Reputation: 123
I am new to SQL Server and learning things with the help of Hacker Rank
Question - https://www.hackerrank.com/challenges/occupations/problem
query (with this we get all the rows)-
SELECT
[Doctor], [Professor], [Singer], [Actor]
FROM
(
SELECT ROW_NUMBER() OVER (PARTITION BY OCCUPATION ORDER BY NAME) [RowNumber], * FROM OCCUPATIONS
) AS tempTable
PIVOT
(
MAX(NAME) FOR OCCUPATION IN ([Doctor], [Professor], [Singer], [Actor])
) AS pivotTable
with out the subquery (we get only one row as min or max takes one row from each occupation)-
SELECT [Doctor], [Professor], [Singer], [Actor]
FROM occupations as t
PIVOT
(
max(name)
FOR occupation IN ([Doctor], [Professor], [Singer], [Actor])
) AS P
so, what is the difference between two queries? how does SELECT ROW_NUMBER() OVER (PARTITION BY OCCUPATION ORDER BY NAME) [RowNumber], * FROM OCCUPATIONS
make any difference?
Upvotes: 0
Views: 480
Reputation: 1157
This is a good question. ROW-NUMBER() is used in writing many SQL queries. Here what matters is partition by clause. This query uses occupation to partition where it groups each occupation and assign the row number. So, we get a result like this,
Then it sends the result to pivot, so it pivots the partitions and select the max(name) from partitions. in this case we get multiple rows with Null for the missing values.

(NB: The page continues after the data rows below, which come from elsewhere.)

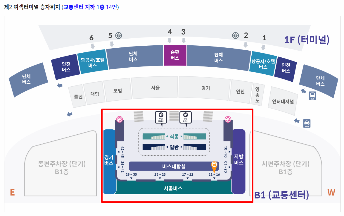 인천공항 제2 여객터미널 승차위치는 교통센터 지하 1층 14번 출구에서 6006번 리무진 버스 탑승.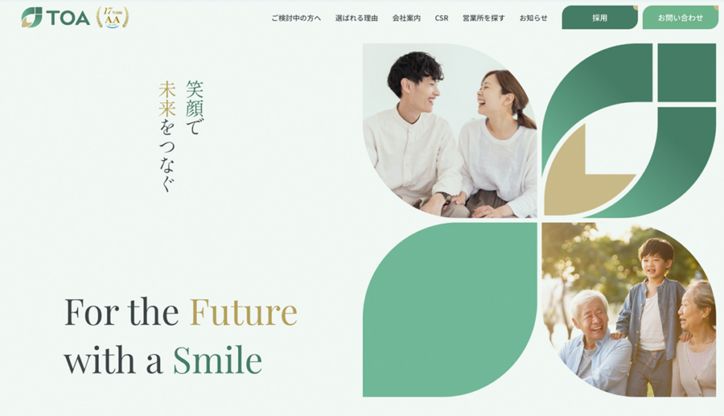 昭和49年(1974年)の創業以来、お客様のライフスタイルにあった商品や情報を提供し、生涯を通じてお客様に信頼される保険代理店として活動を続ける、株式会社トーア様のコーポレートサイトリニューアルデザイン制作を担当させていただきました。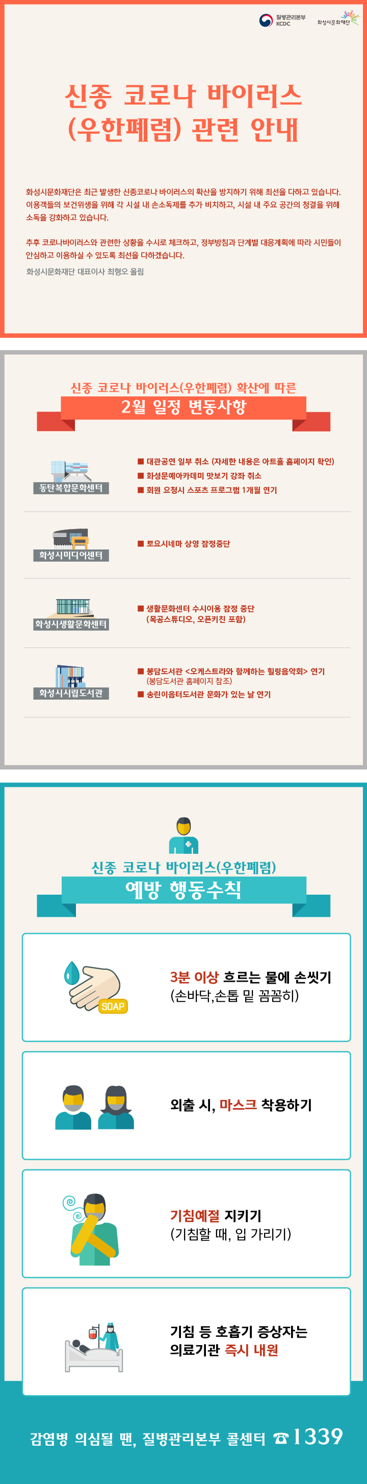 [공지] 신종 코로나 바이러스 확산에 따른 2월 일정 변동사항 안내 작성자 관리자 작성일 2020년 2월 3일 15시 36분 15초 조회 1,206 ..jpg [ Size : 620.48KB, Down : 1,267 ] 미리보기 다운로드 목록보기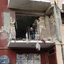 Armenia shelled several Azerbaijani cities outside of the conflict zone, most frequently Tartar, Beylagan and Barda.[9][10] Artillery strikes reported by Azerbaijani authorities included an attack on Beylagan on 4 October, killing two civilians and injuring 2 others,[11][12] Goranboy on 8 October killing a civilian,[13] Hadrut on 10 October, seriously injuring a medical worker,[14] Fuzuli on 20 October, resulting in one civilian death and six injuries,[15][16] Tartar on 20 October, resulting in two civilian deaths and one civilian injury[17] and Tartar on 10 November, resulting in one civilian injury.[18] By 9 November, there had been more than 93 civilian deaths and 416 civilian injuries in areas of Azerbaijan outside of the war zone.[19][20]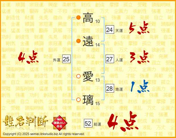高(10画)遠(14画) 愛(13画)璃(15画)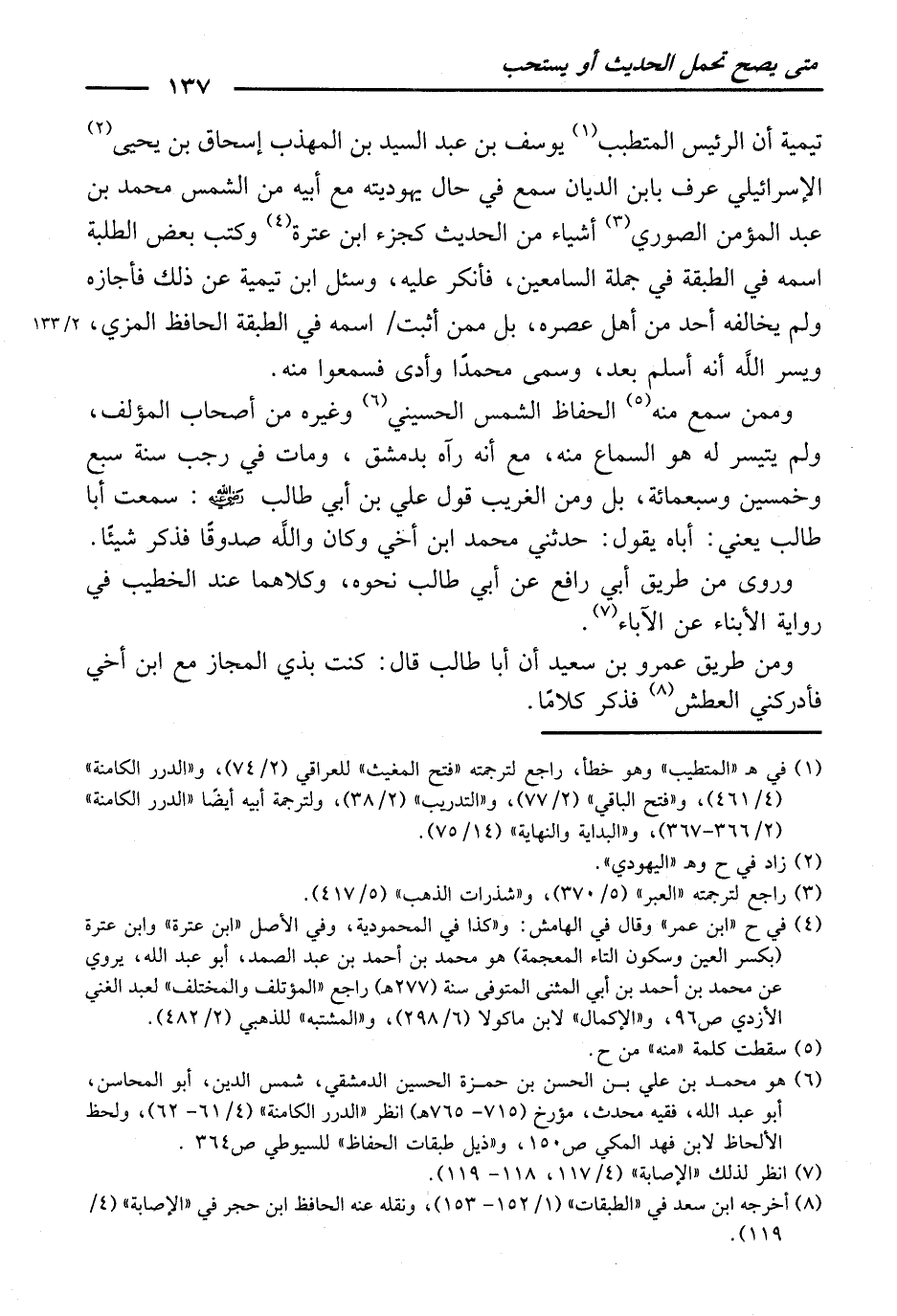 وَسُئِلَ ابْنُ تَيْمِيَّةَ عَنْ ذَلِكَ، فَأَجَازَهُ، وَلَمْ يُخَالِفْهُ أَحَدٌ مِنْ أَهْلِ عَصْرِهِ، بَلْ مِمَّنْ أَثْبَتَ اسْمَهُ فِي الطَّبَقَةِ الْحَافِظُ الْمِزِّيُّ، وَيَسَّرَ اللَّهُ أَنَّهُ أَسْلَمَ بَعْدُ، وَسُمِّيَ مُحَمَّدًا، وَأَدَّى فَسَمِعُوا مِنْهُ.

But when we use select table query without windows aggregation and occupation parttion, We will get only one raw as it finds the the possible result from all records by based on occupaton. This case we will end up with one raw which contains the max(name)
Result:
Therefore, remember the column we use for partition should be considered in this kind of queries. It makes sense.
Upvotes: 1
Reputation: 4187
You only have the columns Name and Occupation - if you pivot by Occupation and aggregate the name only one row will be returned. By adding the row_number the aggregation will not reduce the output to a single row since each row has a differnet row_number.
Upvotes: 1